- [Data excerpts]:
>>>
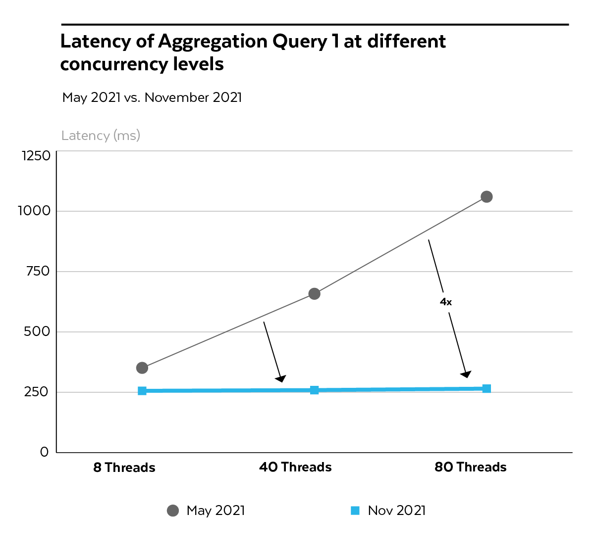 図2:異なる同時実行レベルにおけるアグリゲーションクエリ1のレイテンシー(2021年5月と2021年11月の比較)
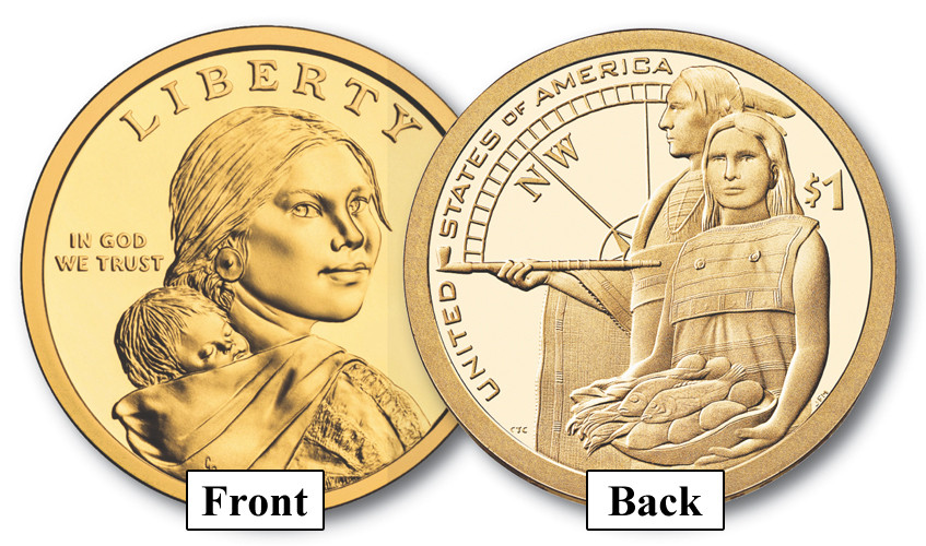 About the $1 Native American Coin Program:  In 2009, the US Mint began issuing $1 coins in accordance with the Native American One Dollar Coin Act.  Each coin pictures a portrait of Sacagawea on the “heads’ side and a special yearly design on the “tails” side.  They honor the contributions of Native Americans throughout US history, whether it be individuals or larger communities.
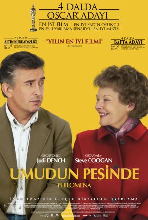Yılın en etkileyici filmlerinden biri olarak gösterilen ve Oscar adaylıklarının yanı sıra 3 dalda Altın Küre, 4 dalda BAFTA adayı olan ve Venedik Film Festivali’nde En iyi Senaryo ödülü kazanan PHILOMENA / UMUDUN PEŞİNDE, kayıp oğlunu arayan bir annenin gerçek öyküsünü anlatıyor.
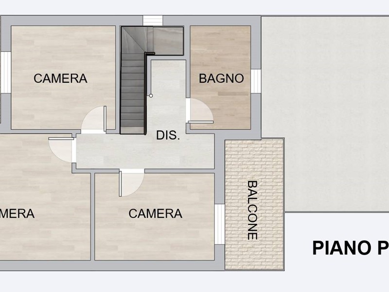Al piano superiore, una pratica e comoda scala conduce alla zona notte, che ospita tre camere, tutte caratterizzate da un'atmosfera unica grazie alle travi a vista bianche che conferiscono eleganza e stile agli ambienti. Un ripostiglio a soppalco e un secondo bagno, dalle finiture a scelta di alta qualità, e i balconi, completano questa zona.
<<<
>>>
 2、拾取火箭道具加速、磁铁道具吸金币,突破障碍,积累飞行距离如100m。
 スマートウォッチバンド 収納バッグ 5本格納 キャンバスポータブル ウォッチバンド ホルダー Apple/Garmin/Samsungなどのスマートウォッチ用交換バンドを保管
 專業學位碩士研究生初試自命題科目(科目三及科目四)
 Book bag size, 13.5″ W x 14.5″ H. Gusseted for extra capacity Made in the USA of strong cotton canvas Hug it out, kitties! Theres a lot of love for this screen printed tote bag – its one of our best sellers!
<<<
- [Work required]: Please repeat, exactly as written, the lines in the records above, starting with the one that has "Yılın en etkileyici" and going on through the one that has "Al piano superiore, una". Pictures are to be left out.

- [Task result]:
Yılın en etkileyici filmlerinden biri olarak gösterilen ve Oscar adaylıklarının yanı sıra 3 dalda Altın Küre, 4 dalda BAFTA adayı olan ve Venedik Film Festivali’nde En iyi Senaryo ödülü kazanan PHILOMENA / UMUDUN PEŞİNDE, kayıp oğlunu arayan bir annenin gerçek öyküsünü anlatıyor.
Al piano superiore, una pratica e comoda scala conduce alla zona notte, che ospita tre camere, tutte caratterizzate da un'atmosfera unica grazie alle travi a vista bianche che conferiscono eleganza e stile agli ambienti. Un ripostiglio a soppalco e un secondo bagno, dalle finiture a scelta di alta qualità, e i balconi, completano questa zona.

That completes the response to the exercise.